Si stima che solo una piccola percentuale (c’è chi afferma il 5%) del traffico internet corra sul WEB convenzionale (o “Surface web”), mentre il 95%, sconosciuto ai più, giri sul “Deep Web”.
Il Deep Web è una rete parallela voluta originariamente dall’ US Naval Research Laboratory per scopi politico-militari, specialmente per costituire un mezzo di comunicazione dato a perseguitati politici, dissidenti, rifugiati, ecc. per poter liberamente esprimere il loro pensiero contro i governi da cui fuggivano, senza il rischio di essere rintracciati.
E sì, perché il connotato tipico del Deep Web è l’impossibilità per l’osservatore esterno di monitorare la connessione in atto.
Lo strumento tecnico risiede nella anonimizzazione degli utenti, tramite la soluzione pratica di non far transitare i dati appartenenti ad una qualsiasi comunicazione direttamente dal client al server, ma attraverso i c.d. server Tor (The Onion Router) che, pare, agiscano costruendo un circuito virtuale crittografato.
Gli utenti della rete Tor eseguono un “onion proxy” (server a “cipolla”) sulla loro macchina.
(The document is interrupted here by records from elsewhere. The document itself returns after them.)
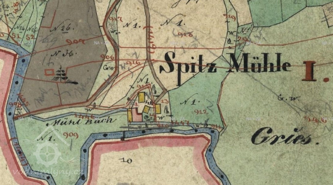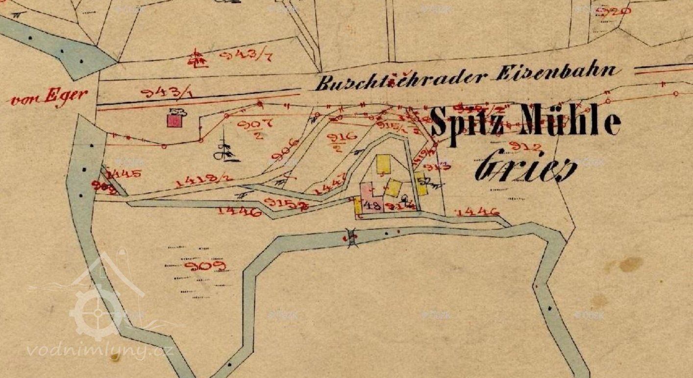 Popis1930: 1 kolo na svrchní vodu, hltnost 0,194 m3/s, spád 3,3 m, výkon 5,5 HP
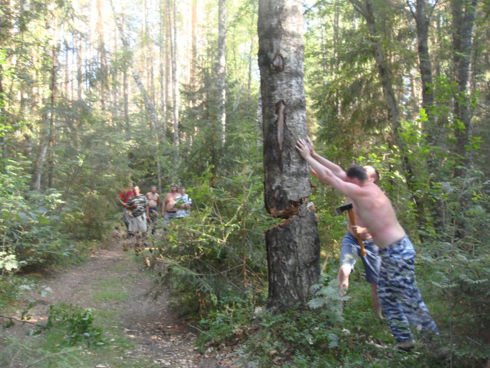 Около дороги стояла огромная засохшая береза. Кто-то пытался её неудачно срубить. Так она и стояла недосрубленная. Рыбаки решили устранить страшную угрозу
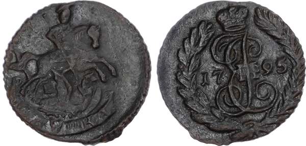Russia, Empire. Catherine II CU Polushka (1/4 Kopeck). Ekaterinburg mint, 1795.
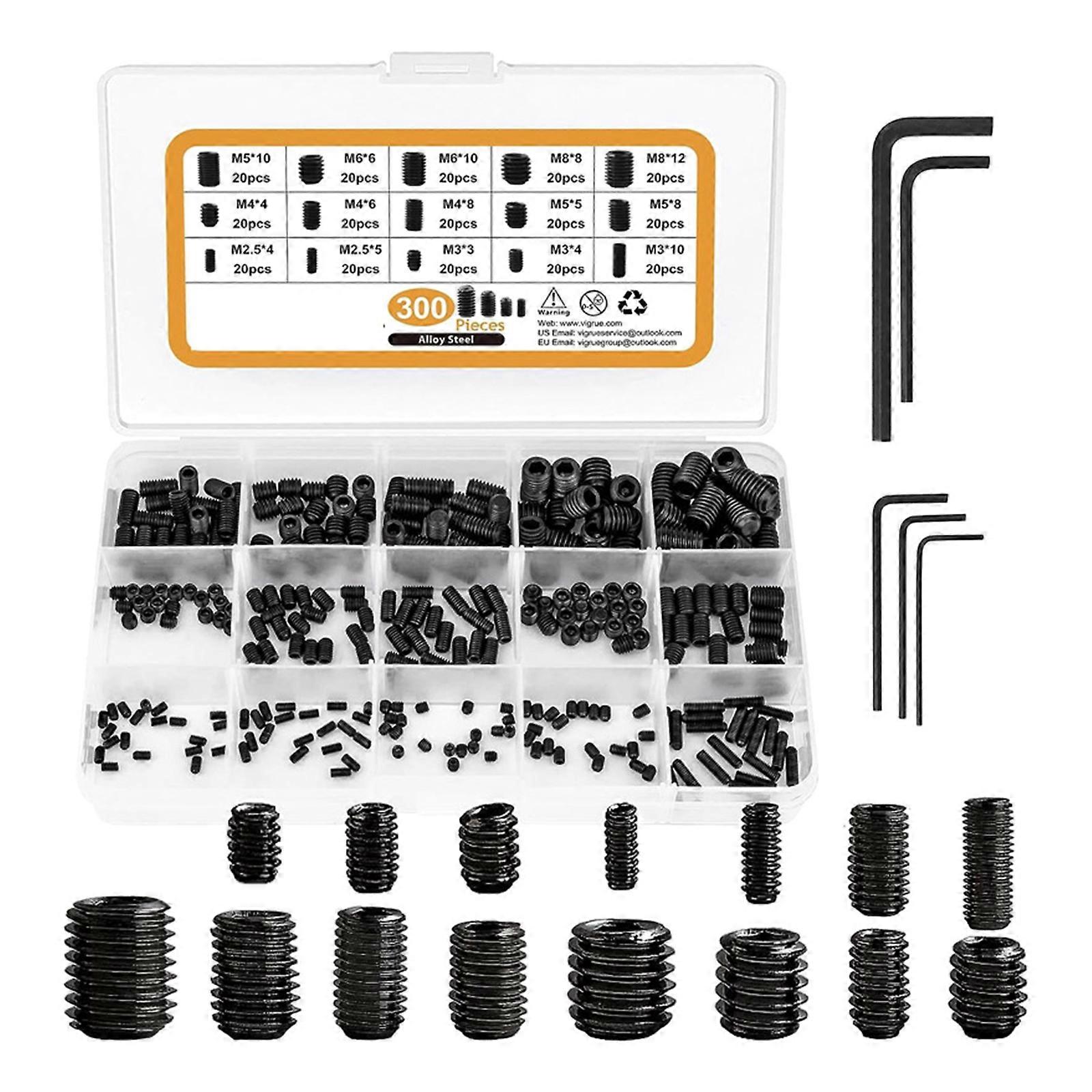 300pcs Allen Head Socket Grub Screw Assortment Kits 2.5/3/4/5/6/8mm Internal Hexagon Drive Cup-Point Set Screws Multicolor
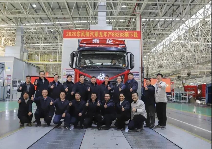 2020年12月30日,东风柳汽商用车年度第88288辆整车下线仪式暨2021年冲刺10万辆动员大会在商用车总装车间下线口举行。17时整,一辆戴着大红花的激情红国六款新乘龙H7缓缓开出下线口,宣告着东风柳汽商用车在2020年防疫保产战役中不负众望超额完成年度生产目标。全年创纪录的完成88288辆整车生产下线,同比增长46.9%,创造了商用车连续四年生产创新高的局面。
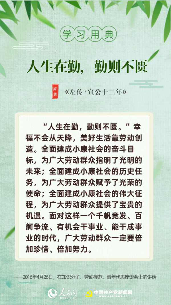 【編者按】“志不求易者成,事不避難者進(jìn)。”近日,習(xí)近平總書記給中國石油大學(xué)(北京)克拉瑪依校區(qū)畢業(yè)生回信,對廣大高校畢業(yè)生提出殷切期望。“人生在勤,勤則不匱”“積土而為山,積水而為海”……近年來,習(xí)近平多次引用詩句典故,激勵(lì)包含廣大青年在內(nèi)的全黨全國各族人民拼搏奮進(jìn)、埋頭苦干。正值“戰(zhàn)疫”“戰(zhàn)貧”關(guān)鍵時(shí)刻,人民網(wǎng)·中國共產(chǎn)黨新聞網(wǎng)與您一起回顧習(xí)近平講話中關(guān)于“奮斗”的10個(gè)名句。

Questo software si connette a Tor e periodicamente negozia un circuito virtuale attraverso la rete.
L’uso della crittografia a strati (da cui deriva il termine “onion”), permette di garantire la segretezza dei dati.
Nonostante lo scopo iniziale fosse nobile, il Deep Web si è trasformato in brevissimo tempo, per evidenti ragioni, (anche) nello strumento principe della criminalità mondiale per gestire i traffici più loschi.
Si va dagli “Assassination Market” (sito dove sicari offrono i loro servigi, con tanto di listino prezzi in base all’importanza politico-economica della vittima), alla vendita di ogni tipo di sostanza stupefacente, di armi, di sostanze utili alla realizzazione di ordigni, alla comunicazione di istruzioni per eseguire attentati, alla cessione di materiale pedopornografico.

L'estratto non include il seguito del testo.